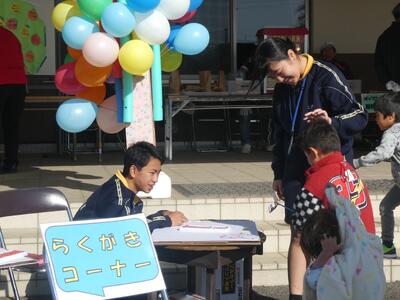 また、4名の生徒がボランティアとして参加しました。金田北中学校の生徒さんと共に笑顔で活動していました。
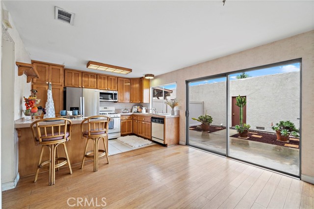 Welcome to 4555 Toledo Way, located in one of Buena Park's most desirable neighborhoods. This inviting two-story condominium offers three bedrooms, two full bathrooms upstairs, and a half bath on the main level. Situated in the sought-after Casitas California community, residents enjoy HOA amenities including a pool, spa, clubhouse, half basketball court, and open grassy areas. The home features a private patio connecting the two-car garage to the dining and kitchen areas, ideal for indoor/outdoor living. You will find true Hardwood flooring throughout the home with tile in kitchen and all three bathrooms. The spacious kitchen was remodeled in prior years with quality wood cabinetry. This home is conveniently located near Knott's Berry Farm, The Source Mall, and within the highly regarded Sunny Hills High School District. A great opportunity for both owner-occupants and investors alike. Family-friendly community with strong rental potential. Original photos and select AI-enhanced images included for design inspiration. This townhome is a Planned Unit Development (PUD) — fee-simple land ownership. Not a condo.
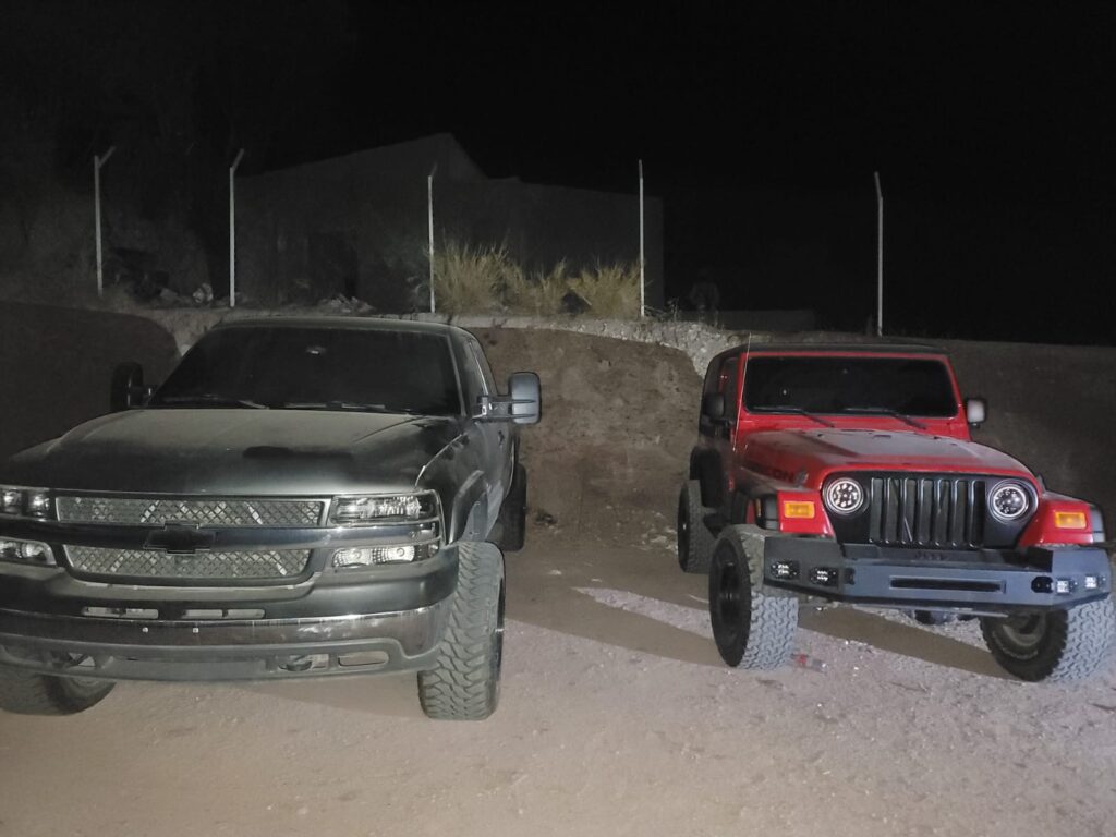 Además, se encontró calzado táctico, 19 cargadores abastecidos para arma de fuego, 747 cartuchos útiles de diversos calibres, cuatro chalecos tácticos, un arma de fuego, ropa diversa y un vehículo Jeep Wrangler, modelo 2004, de color rojo, que cuenta con reporte de robo del 8 de agosto de 2017 en Tucson, Arizona.
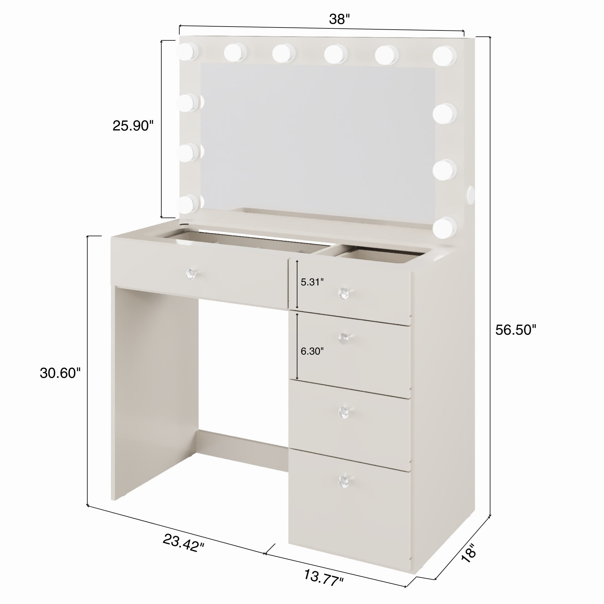 Vanity Desk Dimensions: Measures 56.5” H x 38” W x 17.5” D provide a spacious and stylish with ample tabletop space for beauty essentials. 12 Built-in Bulb Lights: Provides bright, even illumination, ideal for flawless makeup application Power Outlet with USB Type-C: Convenient for charging devices while you prepare for the day 5 Drawers with Crystal Knobs: Elegant crystal knobs add a touch of glamour, providing organized storage for beauty products. Modern Greige Finish: Warm Greige color enhances any bedroom decor with sophistication. “Become your own makeup artist. Make this incredible vanity yours today and take your beauty to the next level!”
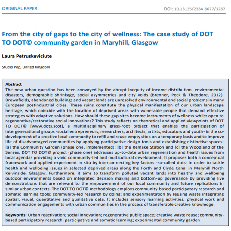 From the city of gaps to the city of wellness: The case study of DOT TO DOT© community garden in Maryhill, Glasgow.
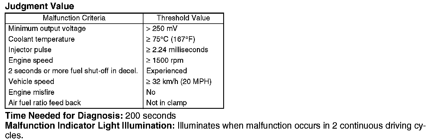Detect the open or short circuit of rear oxygen sensor. Judge NG when out of the standard value.
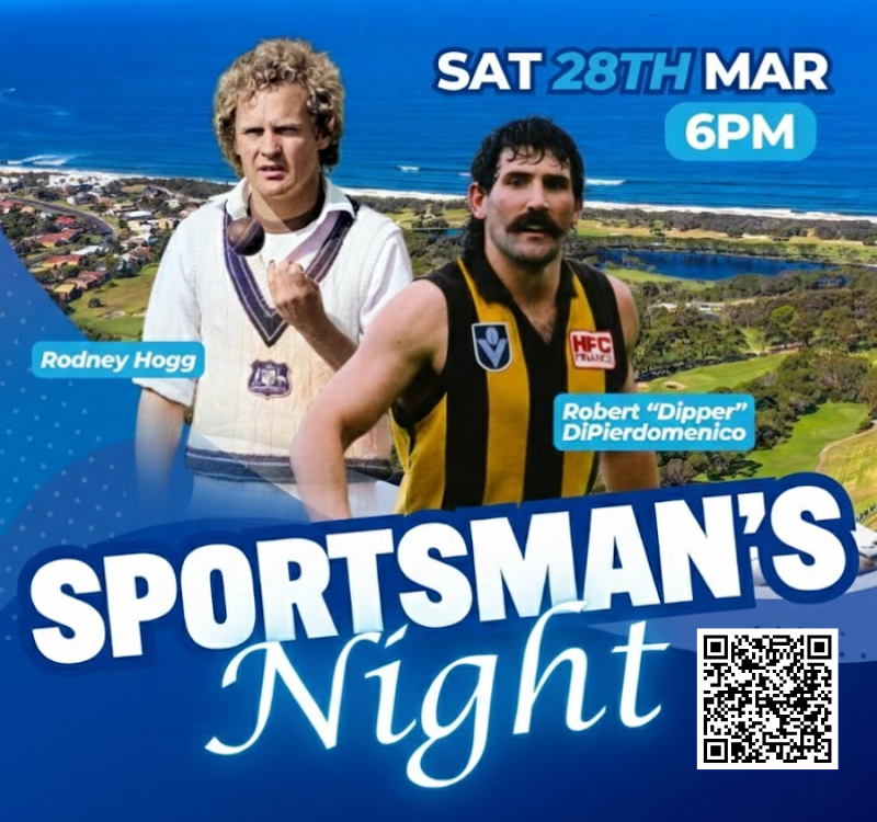 Sportsman’s Dinner w/ Rodney Hogg & Dipper DiPierdomenico on 28 Mar, 6pm – dinner, raffles & auction!
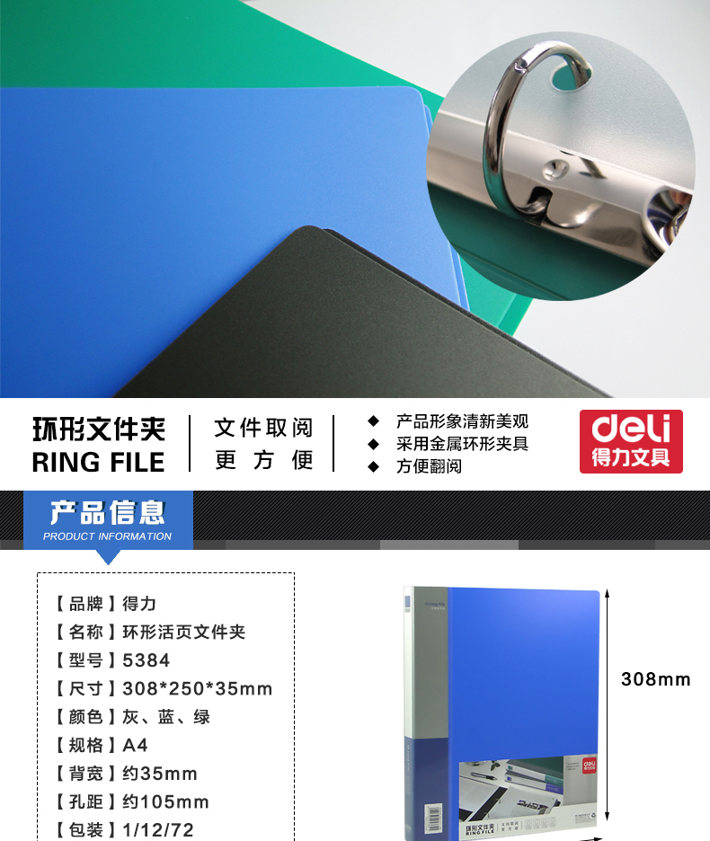 得力打孔文件夾 5384 A4紙3孔文件夾 單位:個

**TASK**.
Leave the pictures out and return each entry exactly.

**RESULT OF THIS EXERCISE**.
 また、4名の生徒がボランティアとして参加しました。金田北中学校の生徒さんと共に笑顔で活動していました。
 Welcome to 4555 Toledo Way, located in one of Buena Park's most desirable neighborhoods. This inviting two-story condominium offers three bedrooms, two full bathrooms upstairs, and a half bath on the main level. Situated in the sought-after Casitas California community, residents enjoy HOA amenities including a pool, spa, clubhouse, half basketball court, and open grassy areas. The home features a private patio connecting the two-car garage to the dining and kitchen areas, ideal for indoor/outdoor living. You will find true Hardwood flooring throughout the home with tile in kitchen and all three bathrooms. The spacious kitchen was remodeled in prior years with quality wood cabinetry. This home is conveniently located near Knott's Berry Farm, The Source Mall, and within the highly regarded Sunny Hills High School District. A great opportunity for both owner-occupants and investors alike. Family-friendly community with strong rental potential. Original photos and select AI-enhanced images included for design inspiration. This townhome is a Planned Unit Development (PUD) — fee-simple land ownership. Not a condo.
 Además, se encontró calzado táctico, 19 cargadores abastecidos para arma de fuego, 747 cartuchos útiles de diversos calibres, cuatro chalecos tácticos, un arma de fuego, ropa diversa y un vehículo Jeep Wrangler, modelo 2004, de color rojo, que cuenta con reporte de robo del 8 de agosto de 2017 en Tucson, Arizona.
 Vanity Desk Dimensions: Measures 56.5” H x 38” W x 17.5” D provide a spacious and stylish with ample tabletop space for beauty essentials. 12 Built-in Bulb Lights: Provides bright, even illumination, ideal for flawless makeup application Power Outlet with USB Type-C: Convenient for charging devices while you prepare for the day 5 Drawers with Crystal Knobs: Elegant crystal knobs add a touch of glamour, providing organized storage for beauty products. Modern Greige Finish: Warm Greige color enhances any bedroom decor with sophistication. “Become your own makeup artist. Make this incredible vanity yours today and take your beauty to the next level!”
 From the city of gaps to the city of wellness: The case study of DOT TO DOT© community garden in Maryhill, Glasgow.
Detect the open or short circuit of rear oxygen sensor. Judge NG when out of the standard value.
 Sportsman’s Dinner w/ Rodney Hogg & Dipper DiPierdomenico on 28 Mar, 6pm – dinner, raffles & auction!
 得力打孔文件夾 5384 A4紙3孔文件夾 單位:個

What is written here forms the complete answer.